§ **Exercise objective**
Please print each entry below exactly as it stands, but without any pictures.

------------------------

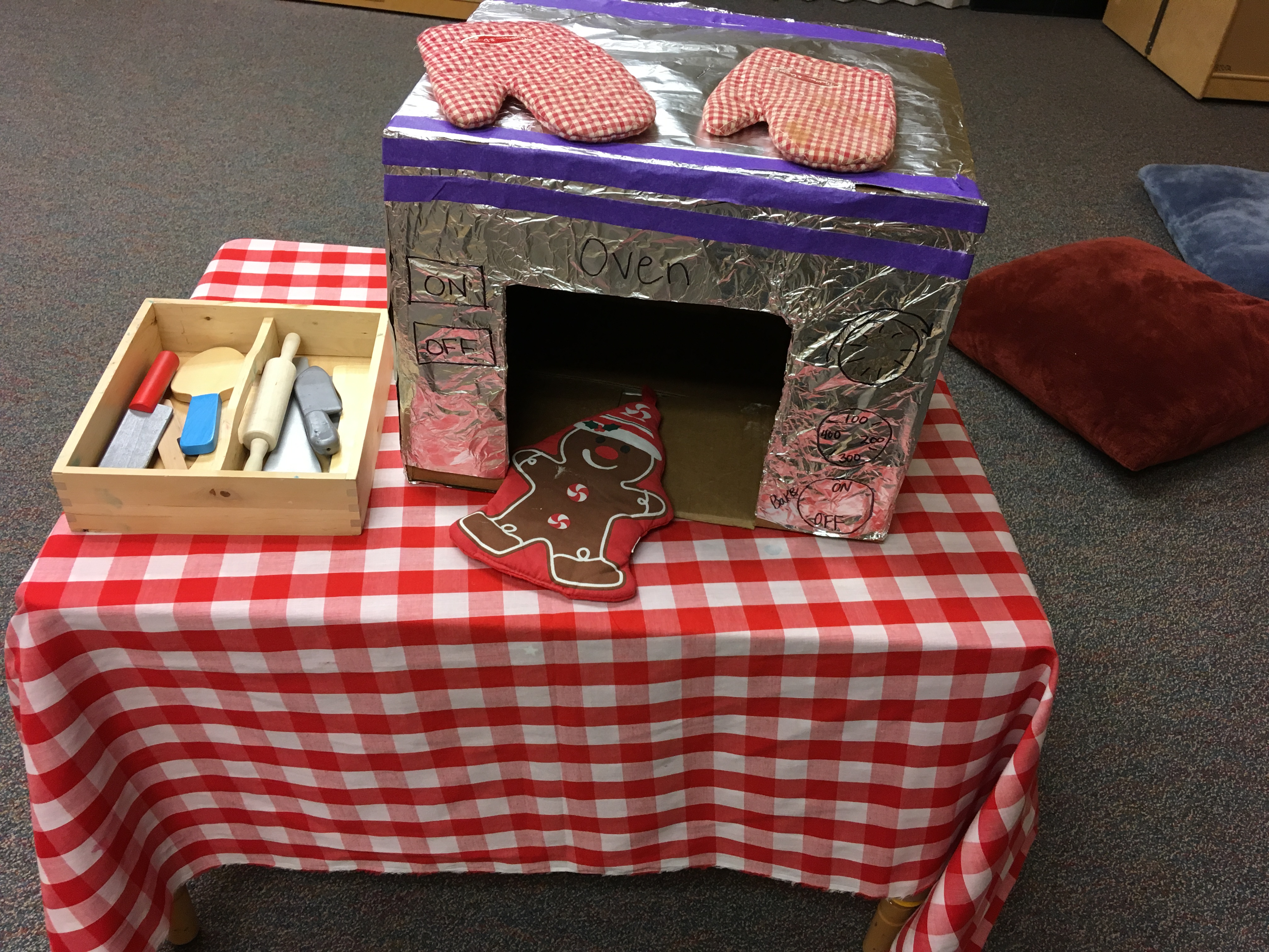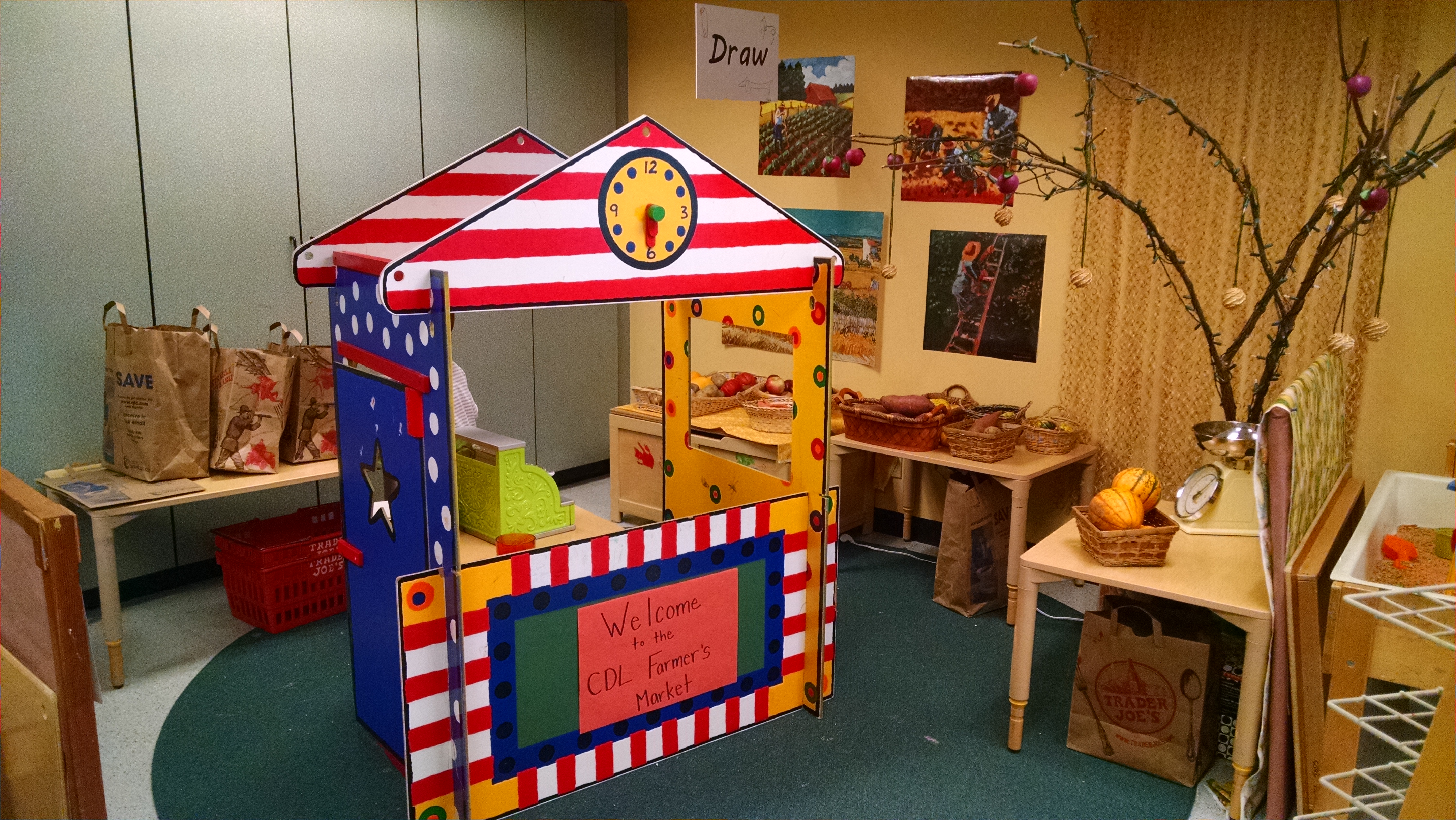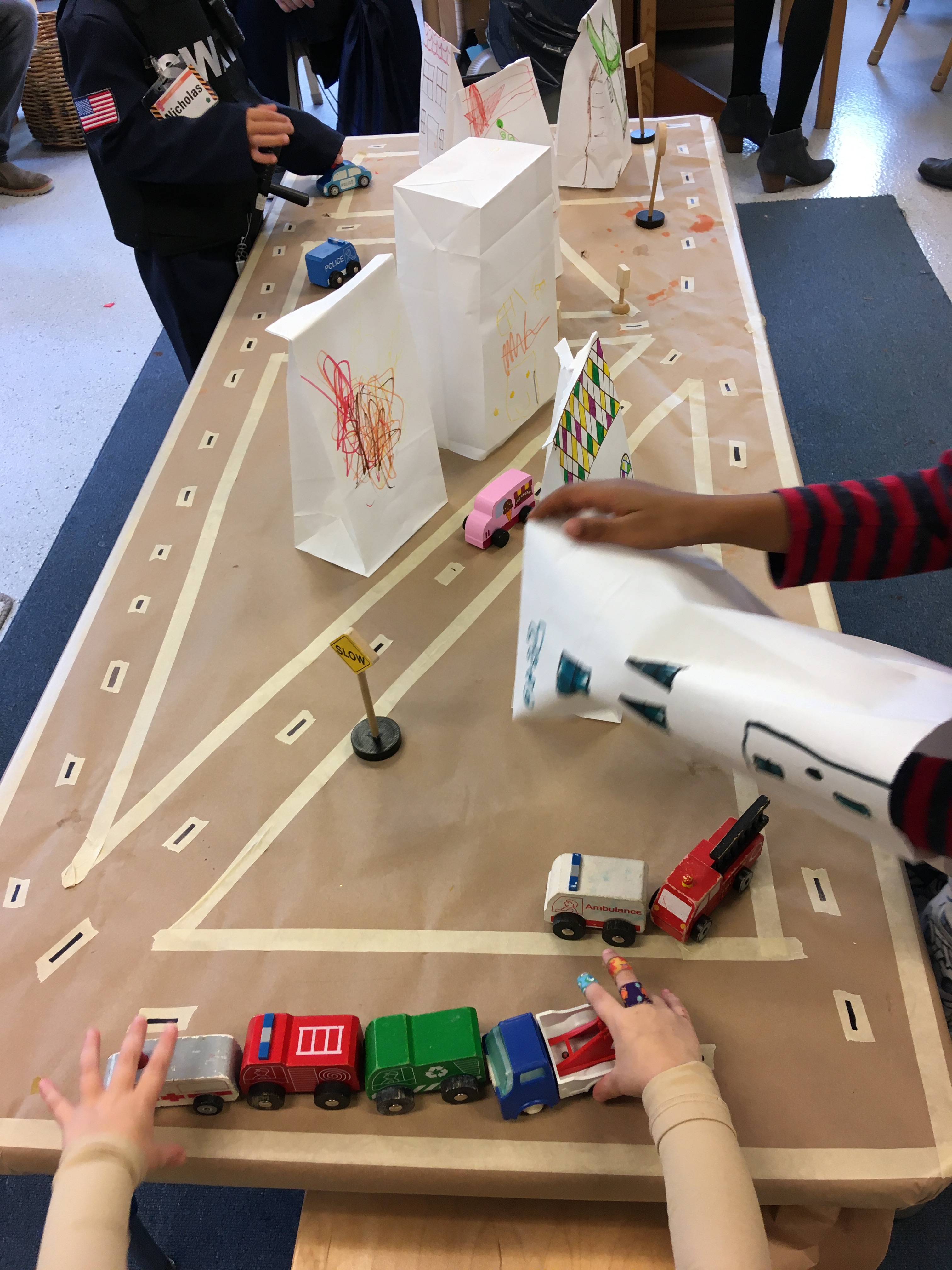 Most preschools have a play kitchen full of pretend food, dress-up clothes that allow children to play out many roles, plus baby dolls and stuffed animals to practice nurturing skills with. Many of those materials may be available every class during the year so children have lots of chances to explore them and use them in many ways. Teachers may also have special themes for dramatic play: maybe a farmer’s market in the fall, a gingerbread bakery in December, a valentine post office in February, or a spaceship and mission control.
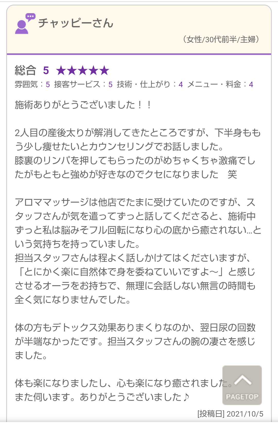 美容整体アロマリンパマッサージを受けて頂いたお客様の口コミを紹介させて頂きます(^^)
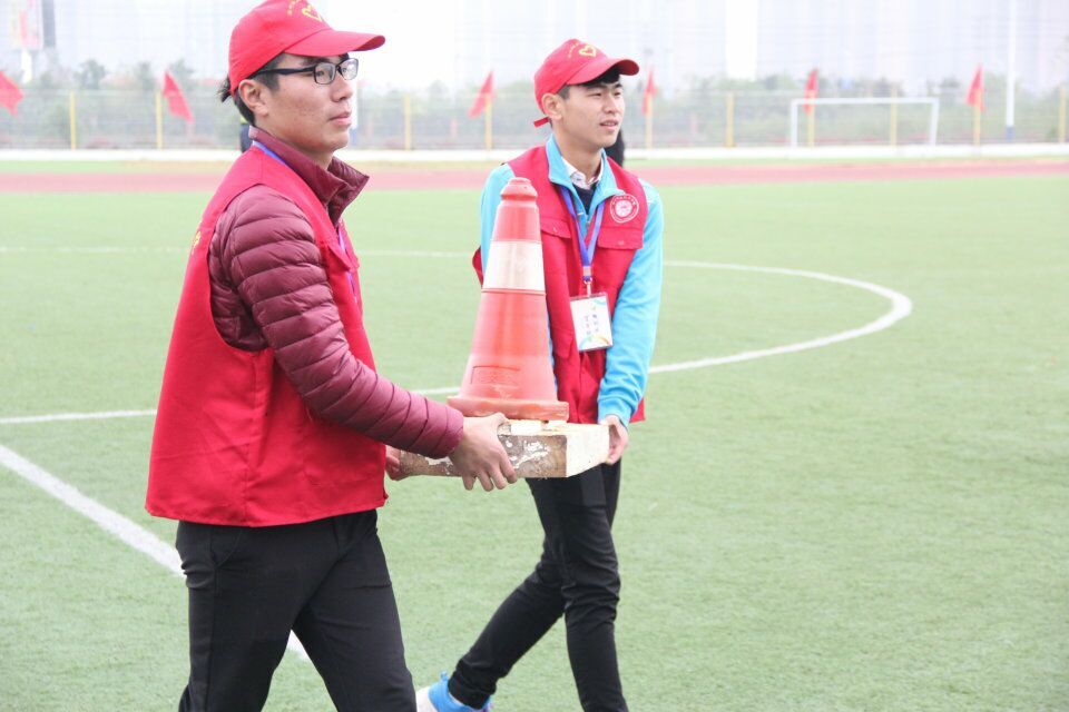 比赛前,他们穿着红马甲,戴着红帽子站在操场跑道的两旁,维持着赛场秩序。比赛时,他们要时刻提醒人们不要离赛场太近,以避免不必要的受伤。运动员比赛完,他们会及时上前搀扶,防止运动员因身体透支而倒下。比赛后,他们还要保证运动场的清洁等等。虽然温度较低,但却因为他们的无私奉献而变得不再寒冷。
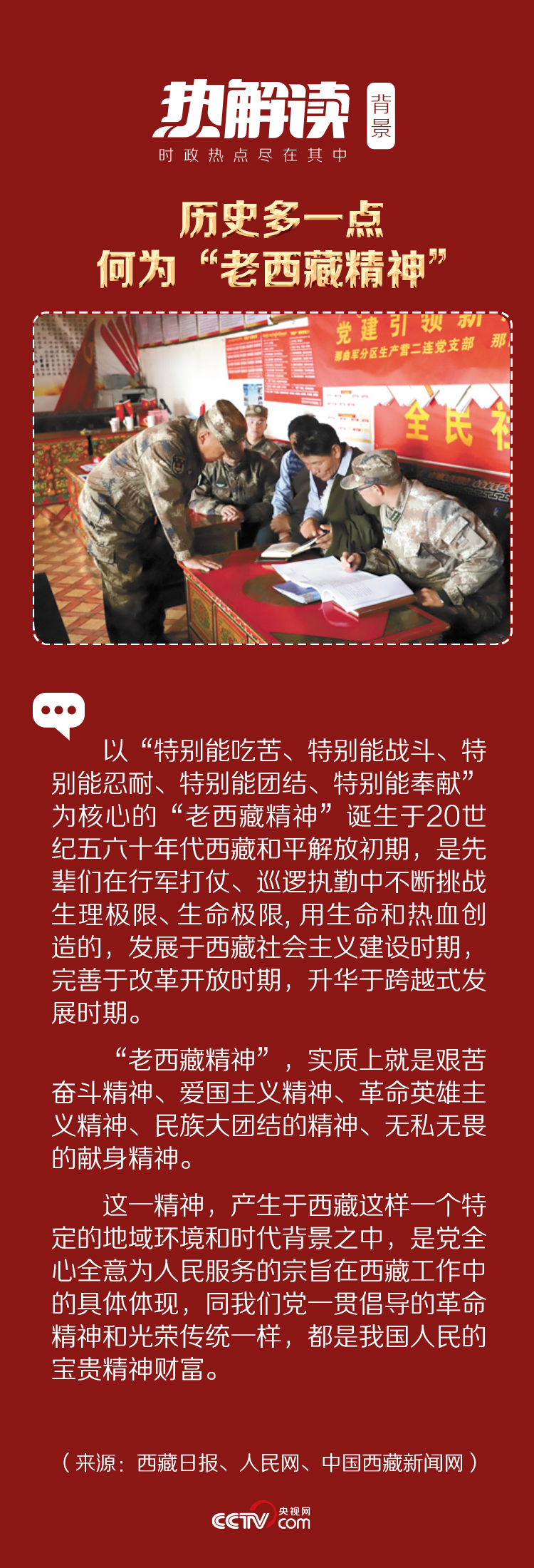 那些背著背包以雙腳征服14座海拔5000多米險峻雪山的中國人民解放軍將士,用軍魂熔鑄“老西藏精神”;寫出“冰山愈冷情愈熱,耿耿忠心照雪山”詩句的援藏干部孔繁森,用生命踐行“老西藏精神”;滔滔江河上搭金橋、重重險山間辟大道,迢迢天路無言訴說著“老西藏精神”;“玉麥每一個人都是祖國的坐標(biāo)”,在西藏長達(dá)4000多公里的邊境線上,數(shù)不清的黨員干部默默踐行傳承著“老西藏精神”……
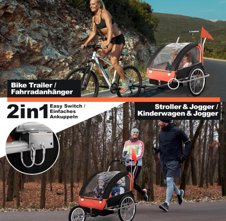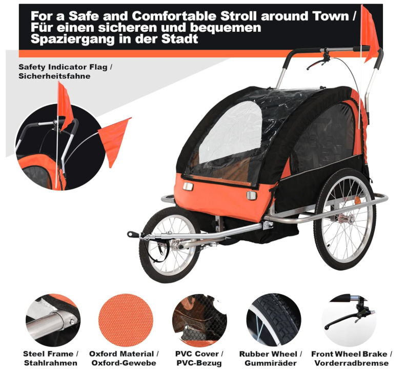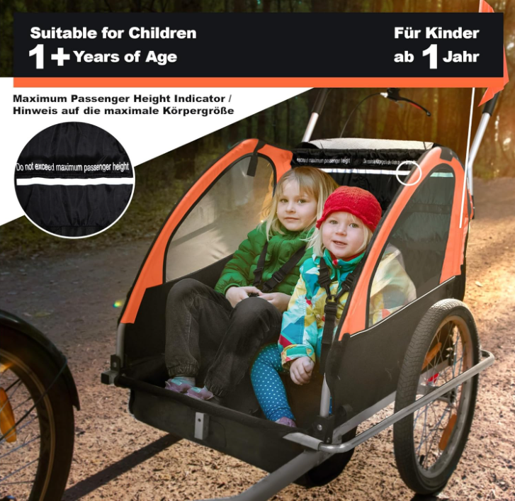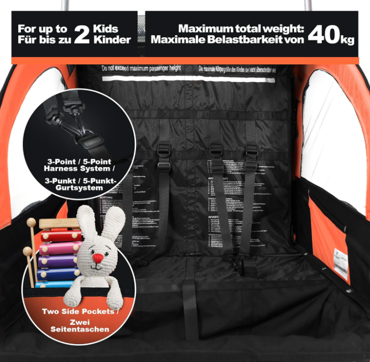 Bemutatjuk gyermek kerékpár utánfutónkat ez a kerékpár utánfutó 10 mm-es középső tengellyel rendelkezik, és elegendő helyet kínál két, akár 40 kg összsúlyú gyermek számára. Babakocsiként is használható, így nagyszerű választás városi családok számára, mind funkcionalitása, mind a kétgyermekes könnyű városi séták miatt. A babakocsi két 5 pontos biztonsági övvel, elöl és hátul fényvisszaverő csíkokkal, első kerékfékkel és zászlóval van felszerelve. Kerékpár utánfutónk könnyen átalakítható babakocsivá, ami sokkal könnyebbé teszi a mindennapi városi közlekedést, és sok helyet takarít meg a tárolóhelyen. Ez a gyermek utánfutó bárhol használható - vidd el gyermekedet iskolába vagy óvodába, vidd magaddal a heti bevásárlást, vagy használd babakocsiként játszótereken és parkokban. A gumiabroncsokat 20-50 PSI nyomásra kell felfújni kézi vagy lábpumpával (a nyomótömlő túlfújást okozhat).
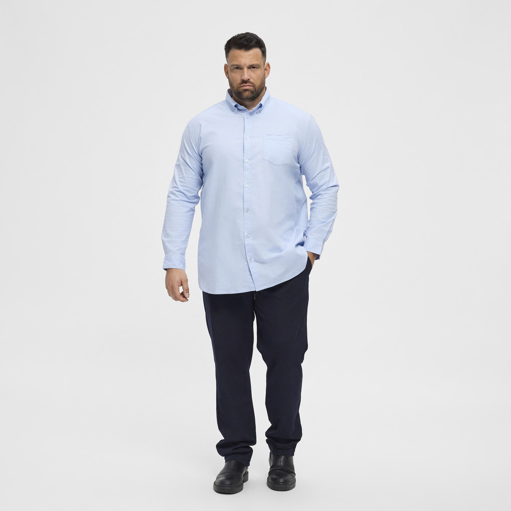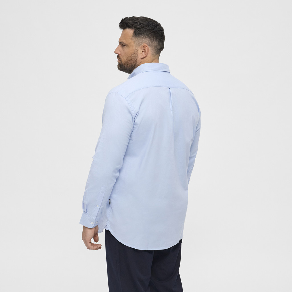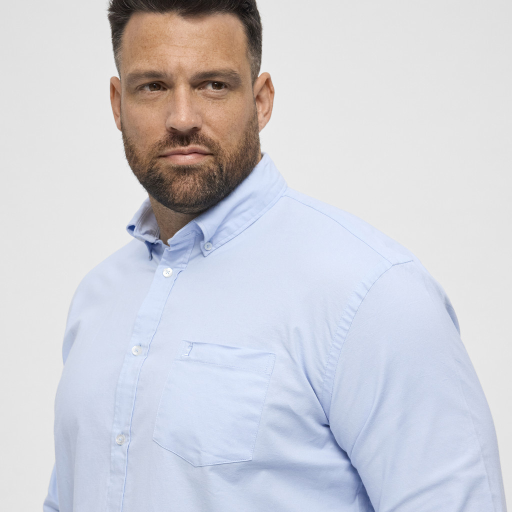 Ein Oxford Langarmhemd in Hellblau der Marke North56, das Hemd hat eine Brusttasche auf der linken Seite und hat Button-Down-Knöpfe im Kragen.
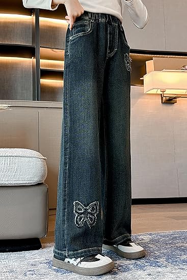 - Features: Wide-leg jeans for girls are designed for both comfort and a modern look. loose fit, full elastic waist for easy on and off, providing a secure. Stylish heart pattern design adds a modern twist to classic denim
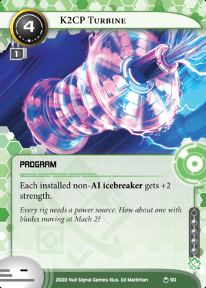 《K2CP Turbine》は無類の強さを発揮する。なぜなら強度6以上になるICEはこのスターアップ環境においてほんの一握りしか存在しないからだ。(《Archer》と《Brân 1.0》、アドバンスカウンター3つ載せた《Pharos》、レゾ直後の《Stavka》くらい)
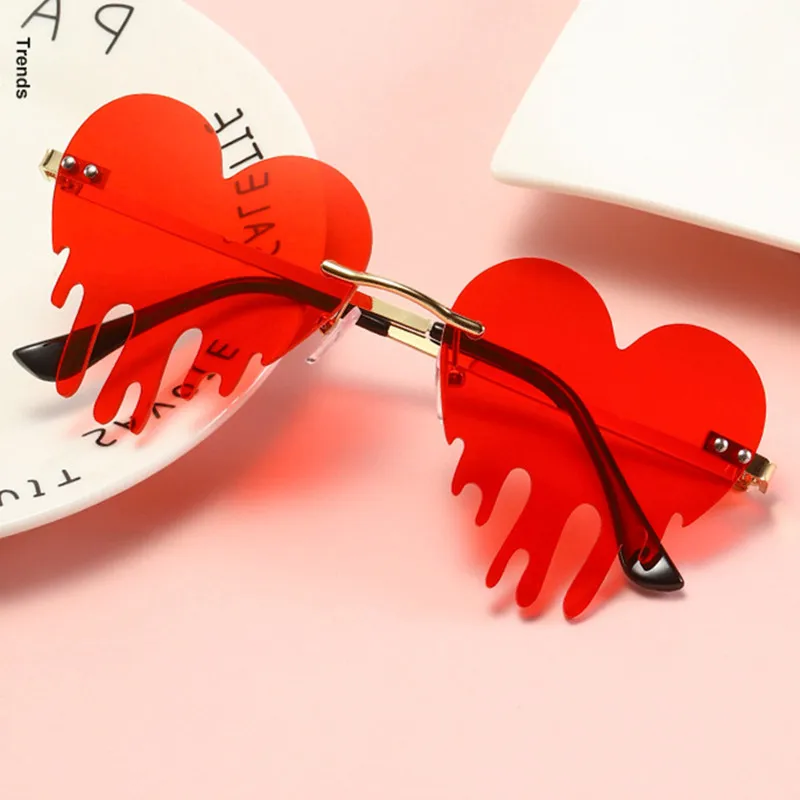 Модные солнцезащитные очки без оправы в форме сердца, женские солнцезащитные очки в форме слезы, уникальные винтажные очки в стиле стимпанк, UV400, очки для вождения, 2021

------------------------

§ **Reply to the exercise**
 Most preschools have a play kitchen full of pretend food, dress-up clothes that allow children to play out many roles, plus baby dolls and stuffed animals to practice nurturing skills with. Many of those materials may be available every class during the year so children have lots of chances to explore them and use them in many ways. Teachers may also have special themes for dramatic play: maybe a farmer’s market in the fall, a gingerbread bakery in December, a valentine post office in February, or a spaceship and mission control.
 美容整体アロマリンパマッサージを受けて頂いたお客様の口コミを紹介させて頂きます(^^)
 比赛前,他们穿着红马甲,戴着红帽子站在操场跑道的两旁,维持着赛场秩序。比赛时,他们要时刻提醒人们不要离赛场太近,以避免不必要的受伤。运动员比赛完,他们会及时上前搀扶,防止运动员因身体透支而倒下。比赛后,他们还要保证运动场的清洁等等。虽然温度较低,但却因为他们的无私奉献而变得不再寒冷。
 那些背著背包以雙腳征服14座海拔5000多米險峻雪山的中國人民解放軍將士,用軍魂熔鑄“老西藏精神”;寫出“冰山愈冷情愈熱,耿耿忠心照雪山”詩句的援藏干部孔繁森,用生命踐行“老西藏精神”;滔滔江河上搭金橋、重重險山間辟大道,迢迢天路無言訴說著“老西藏精神”;“玉麥每一個人都是祖國的坐標(biāo)”,在西藏長達(dá)4000多公里的邊境線上,數(shù)不清的黨員干部默默踐行傳承著“老西藏精神”……
 Bemutatjuk gyermek kerékpár utánfutónkat ez a kerékpár utánfutó 10 mm-es középső tengellyel rendelkezik, és elegendő helyet kínál két, akár 40 kg összsúlyú gyermek számára. Babakocsiként is használható, így nagyszerű választás városi családok számára, mind funkcionalitása, mind a kétgyermekes könnyű városi séták miatt. A babakocsi két 5 pontos biztonsági övvel, elöl és hátul fényvisszaverő csíkokkal, első kerékfékkel és zászlóval van felszerelve. Kerékpár utánfutónk könnyen átalakítható babakocsivá, ami sokkal könnyebbé teszi a mindennapi városi közlekedést, és sok helyet takarít meg a tárolóhelyen. Ez a gyermek utánfutó bárhol használható - vidd el gyermekedet iskolába vagy óvodába, vidd magaddal a heti bevásárlást, vagy használd babakocsiként játszótereken és parkokban. A gumiabroncsokat 20-50 PSI nyomásra kell felfújni kézi vagy lábpumpával (a nyomótömlő túlfújást okozhat).
 Ein Oxford Langarmhemd in Hellblau der Marke North56, das Hemd hat eine Brusttasche auf der linken Seite und hat Button-Down-Knöpfe im Kragen.
 - Features: Wide-leg jeans for girls are designed for both comfort and a modern look. loose fit, full elastic waist for easy on and off, providing a secure. Stylish heart pattern design adds a modern twist to classic denim
 《K2CP Turbine》は無類の強さを発揮する。なぜなら強度6以上になるICEはこのスターアップ環境においてほんの一握りしか存在しないからだ。(《Archer》と《Brân 1.0》、アドバンスカウンター3つ載せた《Pharos》、レゾ直後の《Stavka》くらい)
 Модные солнцезащитные очки без оправы в форме сердца, женские солнцезащитные очки в форме слезы, уникальные винтажные очки в стиле стимпанк, UV400, очки для вождения, 2021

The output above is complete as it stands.